Kościół wprowadza do siebie przez samego siebie. Każdy kto należy do Kościoła otrzymuje zbawienie, a przynależność do niego jest aktem woli człowieka, który w wolności odpowiada na Bożą miłość. Kościół zatem daje chrzest, a chrzest daje Kościół.

bagno888Nie ma chrztu bez Kościoła, a zatem nie można być chrześcijaninem bez Kościoła. Być chrześcijaninem to być w Kościele, z Kościołem i dla Kościoła.

Ks. mgr lic. Krzysztof Wolnica, duchowny Kościoła Ewangelicko Metodystycznego  podjął temat sakramentu Chrztu w tradycji Kościoła Ewangelicko-Metodystycznego w aspekcie ekumenicznym. Sakrament Chrztu, który jest sakramentem inicjacji w ujęciu Wesleya i Ratzingera wprowadza w wiarę chrześcijańską. Chrzest łączy wszystkie Kościoły, które wspólnie wyznają jedną wiarę w Jezusa Chrystusa.
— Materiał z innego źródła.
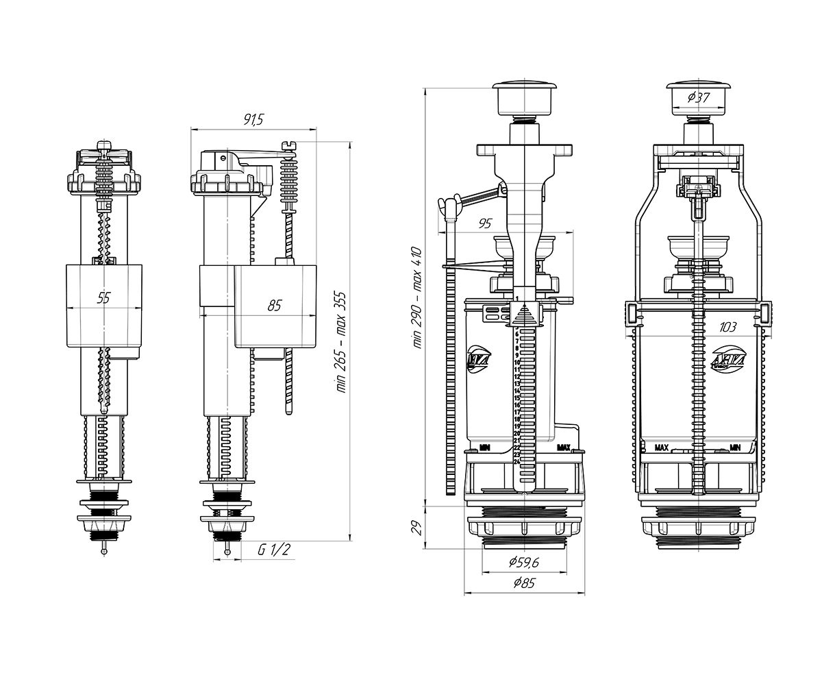 Набор для бачка унитаза АНИ пласт WC8510C. Наливной механизм с нижней подводкой и пластиковой резьбой диаметром 1/2", регулировка по высоте 265-355 мм (стойка механизма поворачивается, устанавливается нужная высота, после чего поворачивается обратно).

Chrzest otwiera przed każdym człowiekiem drogę do przystąpienia do Przymierza z Bogiem, uczestniczenia w społeczności Kościoła powszechnego, którego głową jest Chrystus. Jednocześnie działająca w Chrzcie dzięki Duchowi Świętemu łaska Boża sprawia, że osoba ochrzczona zostaje uwolniona z winy grzechu pierworodnego poprzez udział w dziele Jezusa Chrystusa. Chrzest jest inauguracją nowego narodzenia, stania się dzieckiem Bożym, a tym samym dziedzicem Królestwa Bożego.

Całość sesji związana była z 1050 rocznicą chrztu Polski, w którą uczestnicy seminarium chcieli się aktywnie włączyć, dając tym samym dogmatyczny komentarz do obrzędów chrztu.

bagno222


[1] Zob. Benedykt XVI/J. Ratzinger, Formalne zasady chrześcijaństwa, Poznań 2009, 39.